Modern study of biological systems delivers high-dimensional data as an outcome, such as expression data from RNA sequencing, with each response recorded resulting in large and complex datasets. Statistical analysis of these high-dimensional datasets needs to consider the within-sample dependences, such as spatial correlation within the brain. Current experimental design strategy typically uses parallel groups of animals to compare a single variable but longitudinal studies are also employed, where an individual animal or litter are measured repeatedly over time. The variable measured in these studies is often related to the amount of time between measurements, demonstrating time dependence. Statistical models for the design and analysis of longitudinal studies with high-dimensional outcomes needs to consider both types of dependences. The framework of these models is yet to be established.
Why we funded it
This PhD Studentship aims to develop a novel statistical model for the design and analysis of high-dimensional longitudinal animal studies. Well-designed longitudinal studies can take advantage of time dependence to gain statistical power and reduce the number of animals required for the study.

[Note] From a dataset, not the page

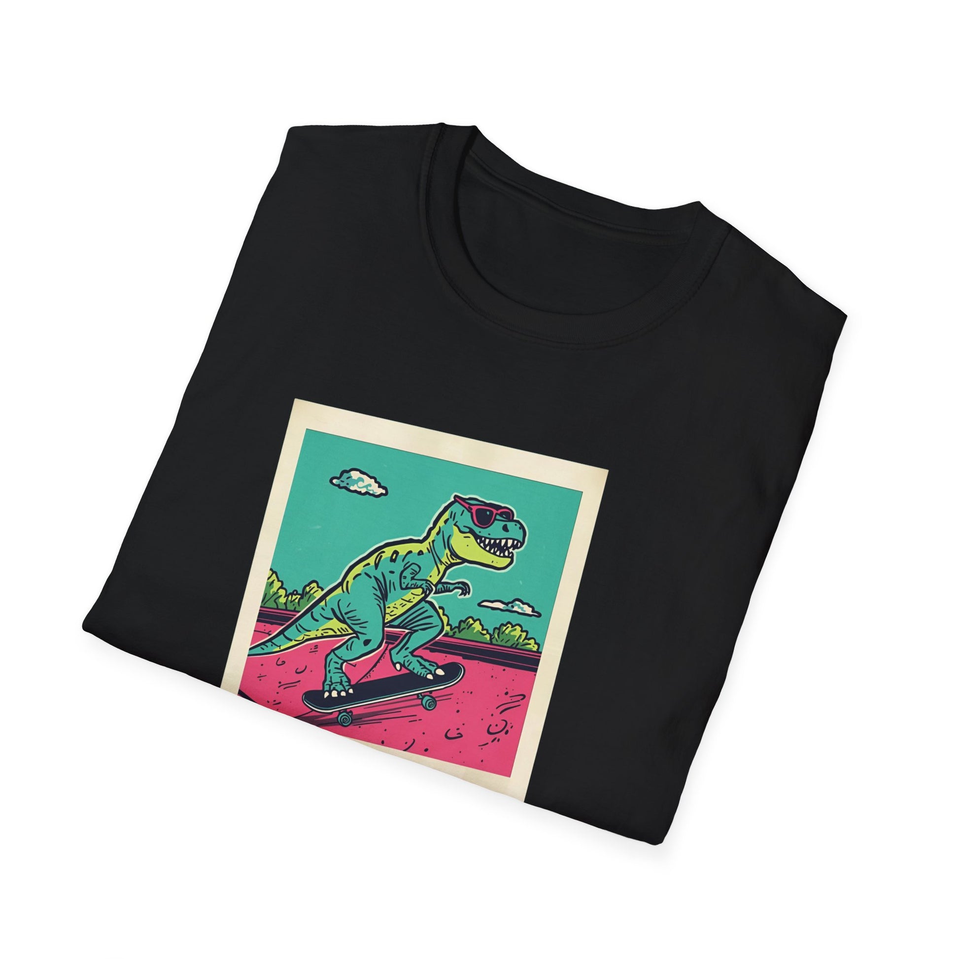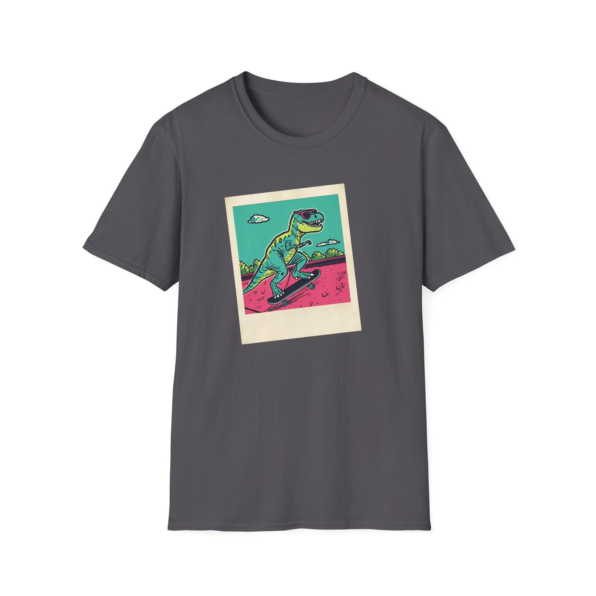 Bring back the ultimate 90s nostalgia with this retro skater T-Rex tee! Featuring a polaroid-style snapshot of a T-Rex in cool sunglasses shredding a halfpipe, this design oozes neon skater vibes with a grunge twist. I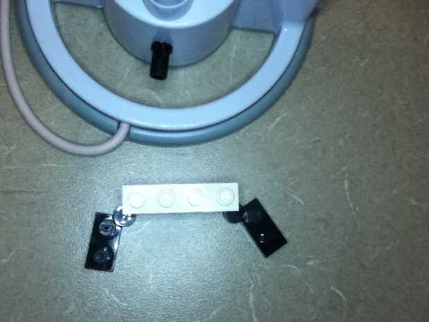 1 de 2 por 4 placas de bisagra superior giratorio y 1 por 4 ladrillos Technic con agujeros y acóplelos. Complemento de estos en la técnica del perno en la base de la lámpara. Obtener un 1 segundo por 4 ladrillos Technic con agujeros y ajustar a la parte inferior de las piezas de la bisagra.

The exact number of animals that could be reduced depends on the correlation between the repeated measures. With a correlation value of 0.2, the numbers of animals needed for the study can be reduced by 20% compared to a parallel group experimental design. To demonstrate the potential of this work, historic mouse functional brain imaging data will be analysed and an accurate reduction potential calculated retrospectively.
The statistical model to be developed in this proposal will be based on generalised linear mixed models and Gaussian processes. Once developed, the statistical power will be evaluated by analysing brain imaging data from a genetic mouse model with behaviours relevant to both schizophrenia and autism. The brain shows spatial correlation patterns which statistical models must take into account and this will be used to inform the statistical model developed in this proposal. The model will allow the identification of statistically significant brain metabolism variation and gene expression over time and show differences between the mutant and wild type mice. This will allow for new insights into the developmental regulation of brain function in mice.
In order to reach sound scientific conclusions, investigators need to use sound experimental designs, followed up by rigorous statistical analysis of the results. This is particularly important in studies involving animals, where for ethical and economic reasons, we aim to reduce the number of animals used, while making sure that the sample size is sufficient to gain maximal knowledge. The potential for reducing the number of animals needed by employing efficient experimental designs is huge. When animals or litters are measured repeatedly over time, we can use longitudinal design and analysis methods to gain statistical power. However, existing methods assume that each sample at each time provides only one, or at most a few, measured outcomes (Diggle, Heagerty, Liang and Zeger, 2002).
Meanwhile, modern high-throughput biotechnologies deliver very high-dimensional outcome data from a single sample. While most research acknowledges the dependence amongst different dimensions of the data (e.g. linkage disequilibrium in the genome, spatial correlation in brain function imaging), there is a need for study design and analysis methods that bridge the gap between traditional longitudinal studies and the high-dimensional world of biomedicine.
This project will be concerned with developing a statistical model for the design and analysis of high-dimensional longitudinal studies, based on generalized linear mixed models and Gaussian processes. The student will apply this method to existing mouse functional brain imaging data from the lab of our collaborator Dr Neil Dawson. The aim will be to gain new scientific insights into developmental changes in mouse brain function, and to demonstrate the effectiveness of the high-dimensional longitudinal method for increasing the statistical power and reducing the number of mice needed.